# I consider this crafting



## sapphira (Mar 24, 2003)

Repaired the top of a litehouse for an elderly lady who lost her husband recently and it was his favorite piece. It blew over in fall winds. the base still is there and not in very good condition - I just repaired the top using all the knowledge I had to make it permanent and sealed, waterproof, etc. No money involved as she had none to spare. Used mostly construction stuff waterproof and outdoor. Amnot showing all the pieces - only the windows, roof peaks were unreal. Had large sisal rope to use to get the roof together. Need a white picket fence to put on it but probably will not get to it. 
http://i737.photobucket.com/albums/xx13/kerocollect/lighthouse1.jpg?t=1333414750
http://i737.photobucket.com/albums/xx13/kerocollect/lighthouse2.jpg?t=1333414833
http://i737.photobucket.com/albums/xx13/kerocollect/lighthousenotop.jpg?t=1333414943
http://i737.photobucket.com/albums/xx13/kerocollect/lighthousewithtop.jpg?t=1333415034
Hope this turns out ok.


----------



## dawnpacz (May 1, 2005)

It looks great, you did a good job.

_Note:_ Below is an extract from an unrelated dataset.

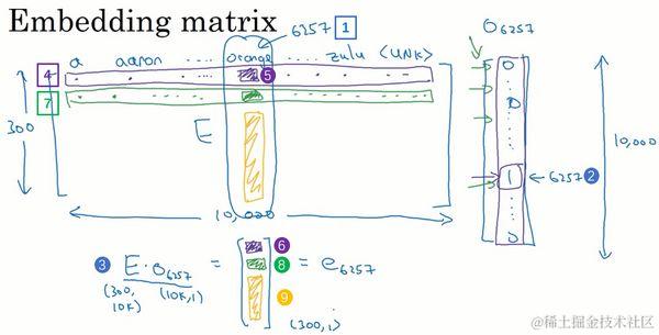 假设这个嵌入矩阵叫做矩阵 ,注意如果用 去乘以右边的one-hot向量(上图编号3所示),也就是 ,那么就会得到一个300维的向量, 是300×10,000的, 是10,000×1的,所以它们的积是300×1的,即300维的向量。要计算这个向量的第一个元素,你需要做的是把 的第一行(上图编号4所示)和 的整列相乘,不过 的所有元素都是0,只有6257位置上是1,最后你得到的这个向量的第一个元素(上图编号5所示)就是orange这一列下的数字(上图编号6所示)。然后我们要计算这个向量的第二个元素,就是把 的第二行(上图编号7所示)和这个 相乘,和之前一样,然后得到第二个元素(上图编号8所示),以此类推,直到你得到这个向量剩下的所有元素(上图编号9所示)。

I am sure the lady will appreciate the work.


----------



## Mid Tn Mama (May 11, 2002)

Beautiful~! Assume you are in a coastal region? I was confused when you said "lighthouse" Thought, "maybe they mean lightbox, or there is a regional word for 'greenhouse." But no, you meant "lighthouse"


----------



## Tinker (Apr 5, 2004)

How sweet of you to help her out. It looks great, and I am sure she is greatful.


----------



## PonderosaQ (Jan 12, 2004)

That was so sweet of you. I am sure it means a lot to this lady as it was her husband's favorite. Reminds me of all the years I spent living at the shore. You did a great job.


----------



## ELOCN (Jun 13, 2004)

How kind of you to help out this elderly widow. Good for you!


----------



## homefire2007 (Sep 21, 2007)

Beautiful on all fronts...skilled craftsmanship and helping make someone's day.


----------



## rabbitgeek (Mar 22, 2008)

Craftsmanship. Beautiful work. Great heart.

Bravo!

Have a joyful day!


----------



## pattycake (May 16, 2010)

That's a little more than crafting. Good job!


----------